Let's now try to use Deep learning to predict future trade Volume.

In this notebook, we will usually use normalized features and volume. The volume will be denormalized only for the purpose of model evaluation. We will use StandardScaler for normalization.

We can draw conclusion from the Exploratory Data Analysis that not all features from the original dataset are usefull for prediction and few more additional features can be added. Models in this notebook will work with usually with following columns:

| Feature  | Type | Description |
| ------------- | ------------- ||
| Volume X  | float64  |Historial trading volume shifted by X|
| AdjCloseDiff X  | float64  |Historical difference between AdjClose price of two consecutive days shifted by X|
| HighLowDiff X  | float64  ||Historical difference between High and Low price shifted by X|
| DayOfWeek X  | one-hot |One-hot encoding value for each day|
| Month X  | one-hot  |One-hot encoding value for each month|

Le'ts now read the normalized data.

In [1]:
import tensorflow as tf
import numpy as np
import sys
import pandas as pd
import datetime

sys.path.append("../") # go to parent dir
from util.read_data import DataReader
from util.evaluator import ModelEvaluator

tf.enable_eager_execution()

In [2]:
# read test and train data
reader = DataReader()
# 
df = reader.read_normalized_data_for_rnn('../data/S&P500.csv')
train_features, train_volume = reader.get_train_data(df)
test_features, test_volume = reader.get_test_data(df)
evaluator = ModelEvaluator(reader.label_scaler)

In [3]:
class DataLoader():
    def __init__(self, features, volume):
        self.features = features
        self.volume = volume

    def get_batch(self, seq_length, batch_size):
        seq = []
        next_volume = []
        for i in range(batch_size):
            # the training example in batch has to be random 
            index = np.random.randint(0, len(self.volume) - seq_length)
            seq.append(self.features[index:index+seq_length].values)
            next_volume.append(self.volume[index+seq_length])
        return np.array(seq), np.array(next_volume).reshape(-1, 1)

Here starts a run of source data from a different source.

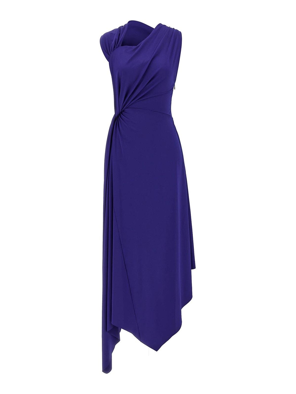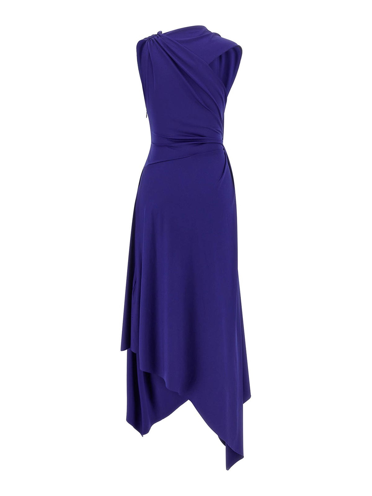 ストレッチ素材を使用したフルイドドレープのミディドレス。非対称のネックライン、ノースリーブ、しわの入ったディテールで胸元はタイトで、サイドクロージャーには隠しファスナー付き、長さは左右非対称です。
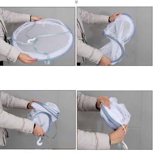 dzięki torbie do przechowywania można szybko wysuszyć ubrania, zabawki itp. Jest to bardzo przydatne w przypadku wypchanych zwierząt i innych rzeczy, których nie można łatwo powiesić na wieszaku. Gdy nie jest używany, można go złożyć i umieścić na półce lub w szufladzie, co jest bardzo wygodne.
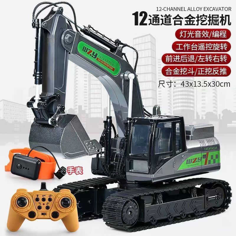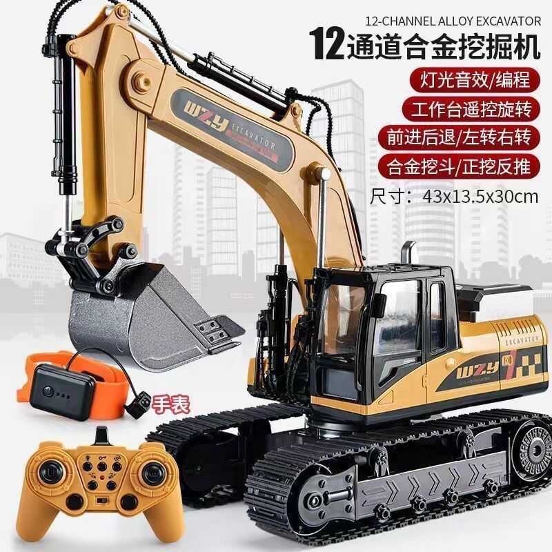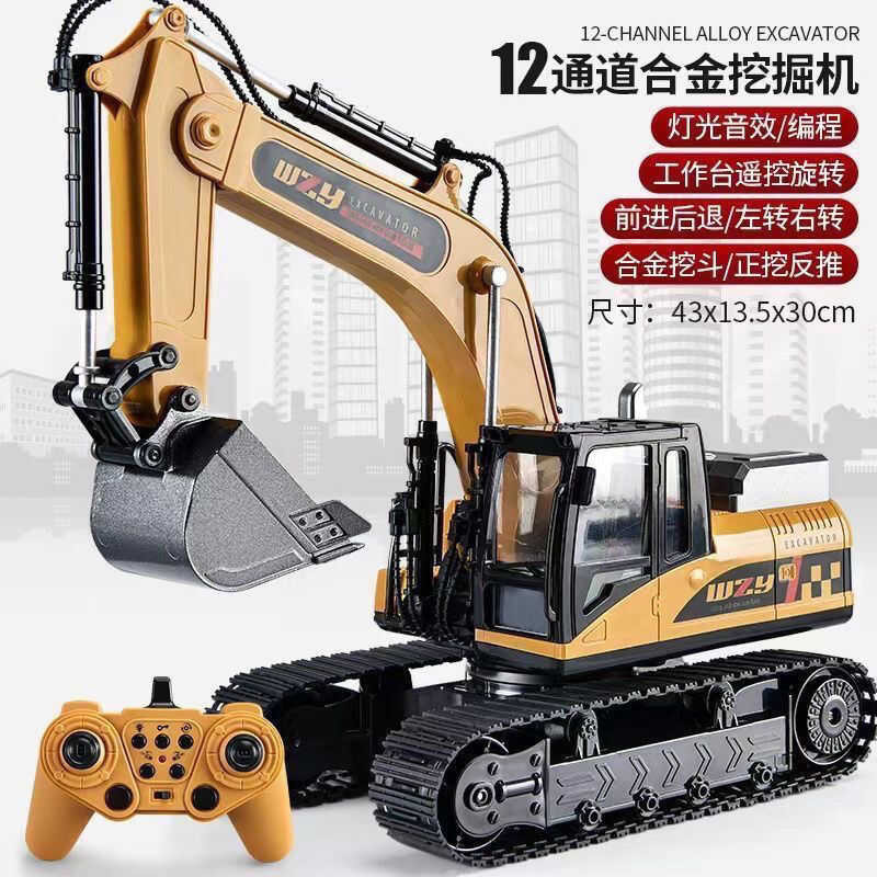 Hợp kim điều khiển từ xa máy xúc đồ chơi trẻ em xe cộng với kích thước không dây điện mô phỏng máy xúc c
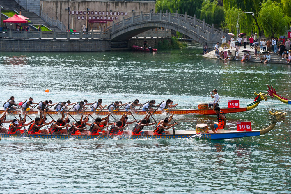 龙舟在本次世运会上首次成为正式比赛项目,这也符合世运会设项突出地域特色的特点。图为贵州省黔东南苗族侗族自治州镇远县?阳河上的龙舟比赛。新华社发(龙建睿摄)
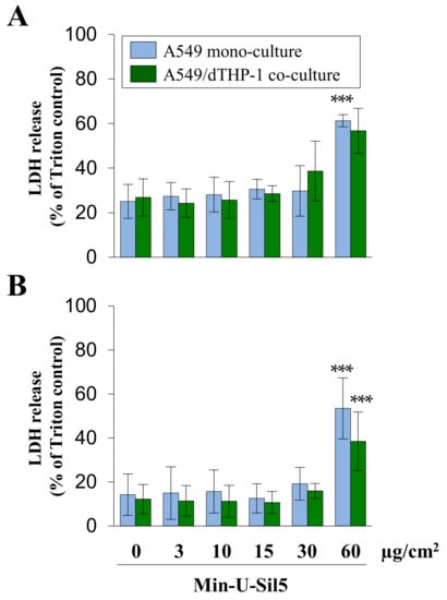 Assessment of cytotoxicity in A549 mono- and A549/dTHP-1 co-cultures after submerged exposure to Min-U-Sil5 in the absence (A) or presence of FBS (B). A549 cells were seeded with a density of 2 × 105/cm2. After 4 h, dTHP-1 cells (2.95 × 104/cm2) were seeded on top of the A549 cells for co-culture treatment. On the next day, mono- and co-culture were treated with 3, 10, 15, 30, or 60 µg/cm2 (3, 9, 30, 45, 90, or 180 µg/mL) Min-U-Sil5 for 24 h. The supernatants were analyzed for LDH release. LDH release is depicted relative to the Triton control (100%). The means ± SD of at least three independent experiments performed in duplicates are displayed. Statistical analysis was performed to assess differences between treated and untreated cells using student’s t-test: *** (p ≤ 0.001).
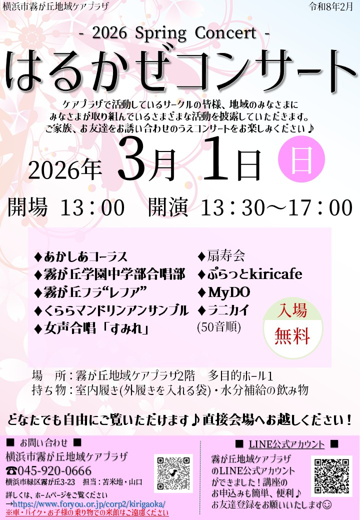 2026年3月1日(日)に『はるかぜコンサート』をケアプラザの会場で開催します♪

# TODO should be refactored to predict in batches, not one by one
def predict_volume(rnn_model, features):
    volume_pred = []
    for i in range(len(features) - seq_length):
        x = features[i:i + seq_length]
        x = x.values.reshape(1, seq_length, x.shape[1])
        volume_pred.append(rnn_model(x).numpy()[0, 0])
    return pd.Series(volume_pred)

In [4]:
class RNN(tf.keras.Model):
    def __init__(self):
        super().__init__()
        # neither deep nor shallow
        self.cell1 = tf.nn.rnn_cell.BasicLSTMCell(num_units=512)
        self.cell2 = tf.nn.rnn_cell.BasicLSTMCell(num_units=512)
        self.dense1 = tf.keras.layers.Dense(units=1024)
        self.dense2 = tf.keras.layers.Dense(units=1)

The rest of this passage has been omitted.